— COLLECTED MATERIAL —
◇ ◇ ◇ ◇ ◇

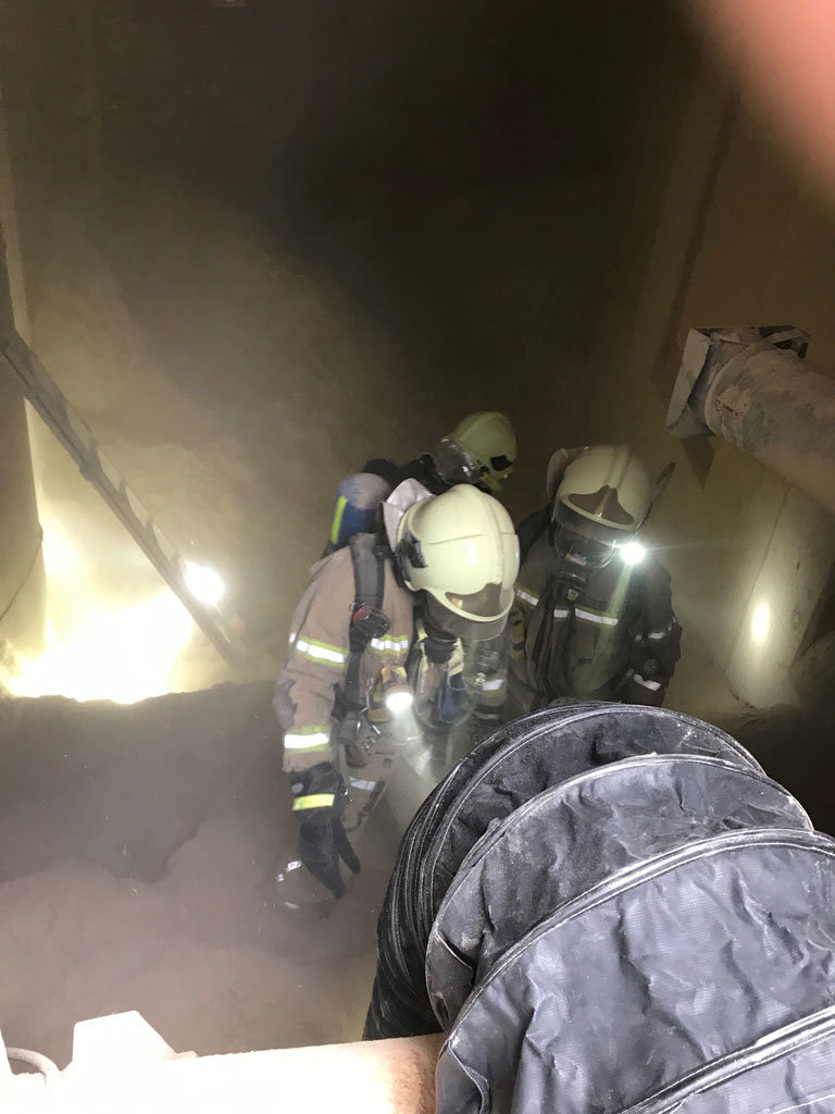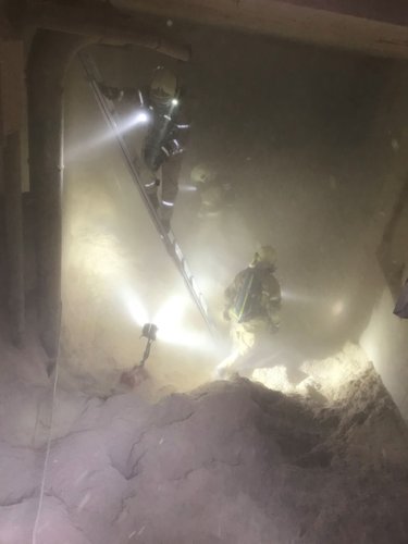 Vor dem Öffnen des Silos wurde ein umfassender Brandschutz aufgebaut.
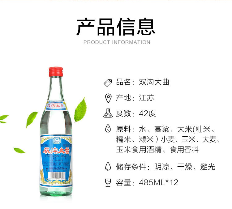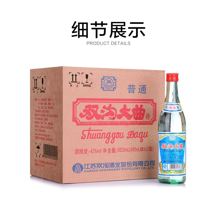 包装:整箱装;容量:376-499mL;香型:浓香型;度数:40-49度;香型:浓香型;产地:江苏;酒精度:42;包装:整箱装;产品重量:10.28g;容量:485ml;包装清单:双沟 大曲玻瓶酒整箱装 42度485ml*12瓶 X1;
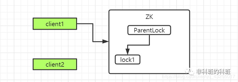 当有client1请求锁的时候,,就会在ParentLock下创建一个临时顺序节点,如下图所示:
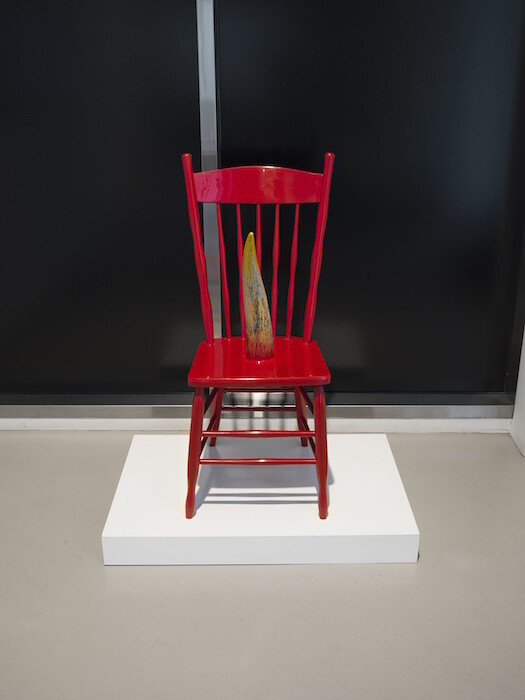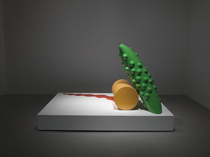 Comprising twenty-two works on paper, five sculptures, and three moving-image works, “Let’s Make a Sandwich” exhibits both O’Neill’s playful sense of humor and his fascination with diverse materials, images, textures, and technical processes. The visitor most familiar with O’Neill’s film work will recognize his sensibility in the other media immediately, as in the exhibition’s first object: the 2001 sculpture Forney Chair, a red wooden chair with a yellow lacquered cow horn affixed to its seat. Simple as it may be, the piece concisely summarizes all of the hallmarks of O’Neill’s work: bright color, shocking juxtaposition of elements, precise craftsmanship, and a curious tension between found and fabricated materials (other sculptures make use of fur, metal, plastic, and wood). A little further into the exhibition’s somewhat labyrinthine space is Safer than Springtime (1964), a fiberglass, aluminum, and steel sculpture composed of three items: a comically large and phallic green pickle leaning against a yellow-gold cylinder with what looks like a trickle of red liquid seeping from its underside.

◇ ◇ ◇ ◇ ◇

— EXERCISE GOAL —
The expected output is the lines above from the one containing "大曲玻瓶酒整箱装 42度485ml*12瓶 X1;" to the one containing "当有client1请求锁的时", both ends included, reproduced exactly with every picture left out.

— EXPECTED OUTPUT —
 包装:整箱装;容量:376-499mL;香型:浓香型;度数:40-49度;香型:浓香型;产地:江苏;酒精度:42;包装:整箱装;产品重量:10.28g;容量:485ml;包装清单:双沟 大曲玻瓶酒整箱装 42度485ml*12瓶 X1;
 当有client1请求锁的时候,,就会在ParentLock下创建一个临时顺序节点,如下图所示:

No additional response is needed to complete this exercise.